To complete the delivery transaction, the customer preferably is required to call a telephone number provided by the purveyor or otherwise telecommunicate with the purveyor via, for example, a computer connected to the purveyor's web site on the Internet, which in turn is tied into the purveyor's computerized data base. Thus, the telephone number or other telecommunication preferably automatically interfaces or connects to the purveyor-controlled computerized database. The customer preferably punches or keys in the unique number from the card, which in sending the alphanumeric information also automatically informs the purveyor of the date, and inferentially the time that the customer opened and unpacked the groceries.

It should be noted that, in using the term “telecommunicate” herein, such is generally intended to broadly cover computer-to-computer communication, including not only hard-wired telephonic or telecommunication lines but also wireless or satellite communication links.

If the customer does not “call” in, the purveyor's computer preferably will call the customer's telephone number, for example, repeating every ten (10) minutes until successfully answered and responded to, for a pre-set time period of time (e.g. one hour or, alternatively, for as long as the allowed time period between packing and opening the package has not elapsed), with a recorded message that provides data entry instructions. This serves to remind the customer to, for example, punch in the unique number on the telephone keypad when prompted by the purveyor's computerized messaging and data receiving system and, if the call is not at the time of opening the delivered package, when the package was opened and the perishable food appropriately refrigerated.

This entire method protects the purveyor since the purveyor will know at least the approximate time that the customer opened the delivered groceries and determine whether the perishable goods are within the warranty period. If no unique identification number is ever entered into the purveyor's computer or computer system, the purveyor will have sufficient reason to, for example, void warranty on that grocery delivery, since the customer did not uphold his/her end of the implied or written contract or oral agreement. The terms of this kind of grocery delivery contract or arrangement preferably is explained to the customer at time of order entry and fortified over time by customer action on subsequent deliveries until it becomes an ingrained customer habit and preferably is covered at the time the customer originally subscribes to the service, at which time a written agreement preferably is entered into containing appropriate provisions detailing the arrangements and warranty with respect to the delivery of perishable goods.

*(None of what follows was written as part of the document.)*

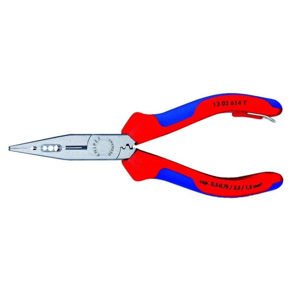Knipex Tools is the worlds largest manufacturer of professional pliers since 1882. Knipex Pliers, Cutters, Insulated Tools and other products have been the tools of choice for Professional Tradesmen and end users who are serious about their hand tools and demand industrial quality. Knipex Tools are made from start to finish utilizing the highest quality materials. Based in Germany, Knipex Tools are German engineered to produce a tool unmatched in the industry in terms of features, comfort, design and performance. The Knipex 13 02 614 T BKA 8 in. 6-in-1 Electricians’ Pliers features dual-component comfort grip handles and tethering attachment. Tethered tools provide effective protection against accidents caused by falling tools. Flat mounting point does not get in the way during normal work on the ground. Not to be used on a lanyard of 5 ft. or more. German vanadium Electric steel; forged and oil hardened.

Additionally, a “calculator,” preferably computerized and preferably tied into the purveyor's computerized order receiving system, is used which, based on extensive and continuing test experience, is capable of predicting the recommended nature and volume of, for example, the cooing/heating source and the other packing materials that should be used to insure a successful shipment of particular perishable foods. Some variables involved preferably include inter alia the time of year or ambient weather condition, destination location, transport method, projected transit time, perishable product(s) being delivered, etc.

The “calculator,” using standard and special algorithms, is applicable to slide rule, electronic calculator and computer software, with the latter being much preferred. For example, in the purveyor's entering the ordered groceries, which order includes one or more perishable items, the computerized system using automated evaluation algorithms and any needed supplemental data input from the data processor operator, preferably automatically calculates and informs the purveyor's shipping department what package configuration (items 1-3 above) should be used for the order involved. Updating data tracking of the number of “successful” vs. “unsuccessful” deliveries of the perishable goods and the details of the shipments involved likewise preferably are used to intelligently update the calculator algorithms.

In the foregoing, the primary application has been keeping perishables item(s) cold with the various elements or components described, with the perishables involved being in many forms (primarily foods, but also applicable to pharmaceuticals, medicines, organ transplants, confections, floral related products, etc.), with grocery delivery as the primary example. However, it should be understood that the principles of the invention are also applicable to the extreme problem of delivering groceries (or other perishable goods) in overly cold environments, such as, for example, in Duluth, Minn. in February. In such a situation, the perishable groceries (milk, eggs, cheese, lunchmeat, etc., which typically are only refrigerated) need to be protected from becoming too cold and, for example, from freezing into a solid mass.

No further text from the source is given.